**Directions for this task:** Go to the line below that has "3.按【Ctrl+Shift+L】开启筛选,部门类别选择空白;", print it and each line after it exactly, and stop after the line that has "Složení Matrace: - Polyuretanová"; leave out pictures.

**Data extract:**
-------
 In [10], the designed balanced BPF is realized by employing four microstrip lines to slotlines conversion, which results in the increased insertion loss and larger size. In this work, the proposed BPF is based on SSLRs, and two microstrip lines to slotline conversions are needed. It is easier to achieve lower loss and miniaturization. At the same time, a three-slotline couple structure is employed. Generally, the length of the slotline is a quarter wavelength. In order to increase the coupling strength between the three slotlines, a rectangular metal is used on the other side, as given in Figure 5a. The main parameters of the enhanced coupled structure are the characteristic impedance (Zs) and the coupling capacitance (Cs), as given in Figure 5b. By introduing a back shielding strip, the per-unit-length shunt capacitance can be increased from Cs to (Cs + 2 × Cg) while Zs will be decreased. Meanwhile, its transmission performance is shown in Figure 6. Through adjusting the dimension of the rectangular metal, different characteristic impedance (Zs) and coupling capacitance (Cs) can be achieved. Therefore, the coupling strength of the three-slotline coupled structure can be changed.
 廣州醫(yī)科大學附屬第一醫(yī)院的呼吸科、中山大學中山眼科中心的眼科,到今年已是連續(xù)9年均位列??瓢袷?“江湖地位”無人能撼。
-------
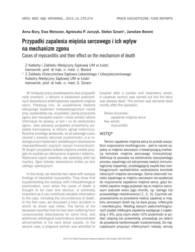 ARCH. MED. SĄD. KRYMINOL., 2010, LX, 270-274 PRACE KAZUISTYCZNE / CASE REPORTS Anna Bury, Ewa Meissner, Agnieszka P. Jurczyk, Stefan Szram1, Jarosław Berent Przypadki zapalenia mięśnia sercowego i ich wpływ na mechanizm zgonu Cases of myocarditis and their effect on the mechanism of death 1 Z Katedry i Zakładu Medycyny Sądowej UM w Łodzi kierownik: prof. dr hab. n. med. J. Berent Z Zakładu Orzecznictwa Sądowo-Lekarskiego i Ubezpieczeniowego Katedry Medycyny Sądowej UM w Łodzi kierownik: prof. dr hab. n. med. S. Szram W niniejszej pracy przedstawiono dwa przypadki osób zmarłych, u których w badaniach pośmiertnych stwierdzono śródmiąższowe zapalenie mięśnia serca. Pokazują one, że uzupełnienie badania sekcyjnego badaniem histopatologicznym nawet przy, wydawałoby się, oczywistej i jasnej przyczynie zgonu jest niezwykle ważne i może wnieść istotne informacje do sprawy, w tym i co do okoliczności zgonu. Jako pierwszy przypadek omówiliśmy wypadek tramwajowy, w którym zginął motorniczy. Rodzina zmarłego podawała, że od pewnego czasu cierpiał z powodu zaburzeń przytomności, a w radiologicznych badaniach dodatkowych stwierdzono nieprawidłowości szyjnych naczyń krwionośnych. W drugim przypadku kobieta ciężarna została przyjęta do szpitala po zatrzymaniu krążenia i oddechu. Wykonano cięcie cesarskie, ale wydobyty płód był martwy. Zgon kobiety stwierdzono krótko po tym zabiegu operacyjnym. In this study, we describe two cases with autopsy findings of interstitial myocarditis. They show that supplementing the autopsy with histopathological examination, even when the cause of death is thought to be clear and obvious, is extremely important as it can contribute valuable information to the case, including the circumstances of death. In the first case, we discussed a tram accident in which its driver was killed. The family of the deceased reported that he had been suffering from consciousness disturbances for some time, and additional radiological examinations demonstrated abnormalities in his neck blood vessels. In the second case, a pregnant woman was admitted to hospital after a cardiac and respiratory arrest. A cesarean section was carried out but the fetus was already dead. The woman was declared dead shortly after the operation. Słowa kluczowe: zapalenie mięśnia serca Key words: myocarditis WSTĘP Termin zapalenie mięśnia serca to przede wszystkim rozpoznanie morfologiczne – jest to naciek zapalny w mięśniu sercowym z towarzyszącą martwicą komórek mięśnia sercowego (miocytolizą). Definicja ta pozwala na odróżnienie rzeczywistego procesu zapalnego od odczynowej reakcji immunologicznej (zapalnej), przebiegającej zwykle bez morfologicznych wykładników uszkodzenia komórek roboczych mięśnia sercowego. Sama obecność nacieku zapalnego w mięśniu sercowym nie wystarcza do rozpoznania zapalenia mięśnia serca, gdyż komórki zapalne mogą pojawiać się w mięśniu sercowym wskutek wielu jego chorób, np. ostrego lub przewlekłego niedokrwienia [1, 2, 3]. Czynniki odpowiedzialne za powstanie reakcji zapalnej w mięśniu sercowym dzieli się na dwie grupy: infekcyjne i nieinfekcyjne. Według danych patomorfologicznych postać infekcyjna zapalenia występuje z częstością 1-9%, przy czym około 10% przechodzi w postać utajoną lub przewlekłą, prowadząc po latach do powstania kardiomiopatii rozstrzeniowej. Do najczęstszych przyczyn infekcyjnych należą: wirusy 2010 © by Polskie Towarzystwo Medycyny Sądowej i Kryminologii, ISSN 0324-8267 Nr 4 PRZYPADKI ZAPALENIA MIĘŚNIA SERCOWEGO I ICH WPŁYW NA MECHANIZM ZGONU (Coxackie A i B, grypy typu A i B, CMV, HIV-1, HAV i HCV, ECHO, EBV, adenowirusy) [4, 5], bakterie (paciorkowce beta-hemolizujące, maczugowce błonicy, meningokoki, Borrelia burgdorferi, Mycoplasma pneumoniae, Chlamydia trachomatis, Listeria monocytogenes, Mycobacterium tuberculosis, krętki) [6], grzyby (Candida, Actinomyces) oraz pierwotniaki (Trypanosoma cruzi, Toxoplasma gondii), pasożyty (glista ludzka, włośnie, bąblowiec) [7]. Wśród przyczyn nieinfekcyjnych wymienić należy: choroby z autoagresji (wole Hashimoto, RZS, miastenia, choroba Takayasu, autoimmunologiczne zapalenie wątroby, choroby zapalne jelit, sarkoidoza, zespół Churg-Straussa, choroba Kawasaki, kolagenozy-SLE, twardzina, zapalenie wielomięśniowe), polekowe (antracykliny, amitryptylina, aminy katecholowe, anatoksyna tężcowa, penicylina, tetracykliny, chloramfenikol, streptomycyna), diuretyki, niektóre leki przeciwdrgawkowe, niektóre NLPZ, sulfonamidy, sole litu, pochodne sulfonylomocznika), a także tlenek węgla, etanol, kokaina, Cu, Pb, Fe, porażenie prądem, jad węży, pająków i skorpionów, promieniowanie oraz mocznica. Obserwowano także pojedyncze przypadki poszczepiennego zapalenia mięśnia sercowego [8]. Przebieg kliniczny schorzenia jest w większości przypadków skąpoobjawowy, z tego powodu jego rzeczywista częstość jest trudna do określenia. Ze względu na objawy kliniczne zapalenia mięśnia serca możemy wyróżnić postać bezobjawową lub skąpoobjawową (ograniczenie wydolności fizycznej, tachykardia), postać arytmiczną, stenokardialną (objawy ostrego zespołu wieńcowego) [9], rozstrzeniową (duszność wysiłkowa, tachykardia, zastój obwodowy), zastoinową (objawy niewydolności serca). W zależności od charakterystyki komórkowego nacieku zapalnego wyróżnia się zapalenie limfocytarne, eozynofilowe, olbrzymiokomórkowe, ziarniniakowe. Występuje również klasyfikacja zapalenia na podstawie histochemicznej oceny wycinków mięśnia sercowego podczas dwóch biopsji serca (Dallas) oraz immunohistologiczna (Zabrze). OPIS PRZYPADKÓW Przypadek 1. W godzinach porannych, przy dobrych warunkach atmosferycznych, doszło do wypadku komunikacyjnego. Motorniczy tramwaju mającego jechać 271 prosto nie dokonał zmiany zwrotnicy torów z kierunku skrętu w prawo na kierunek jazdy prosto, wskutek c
-------
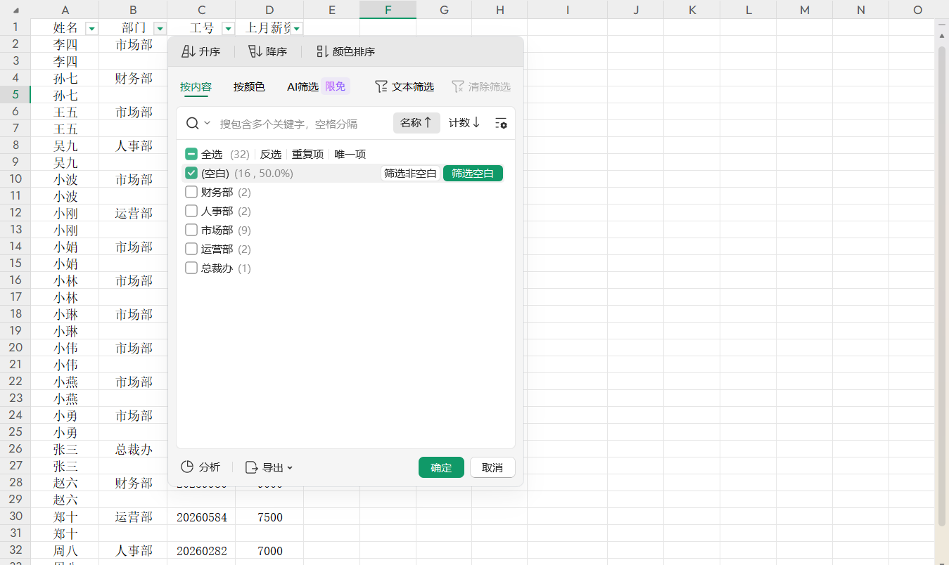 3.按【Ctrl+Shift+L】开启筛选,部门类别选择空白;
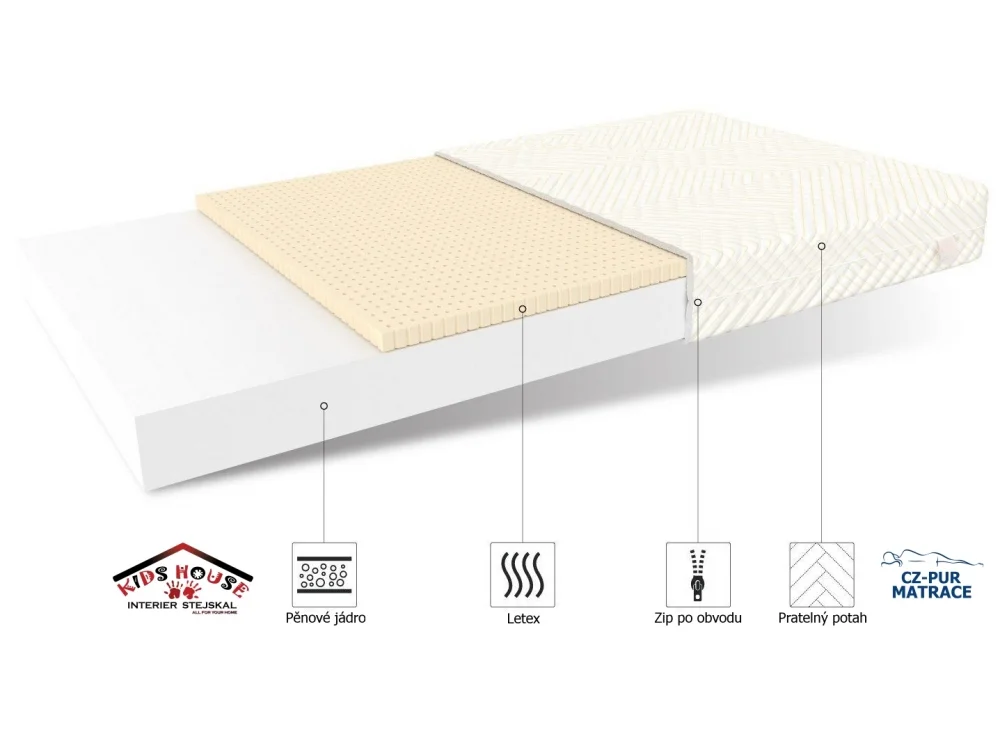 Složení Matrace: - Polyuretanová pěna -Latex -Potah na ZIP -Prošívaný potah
-------
**Response:**
 3.按【Ctrl+Shift+L】开启筛选,部门类别选择空白;
 Složení Matrace: - Polyuretanová pěna -Latex -Potah na ZIP -Prošívaný potah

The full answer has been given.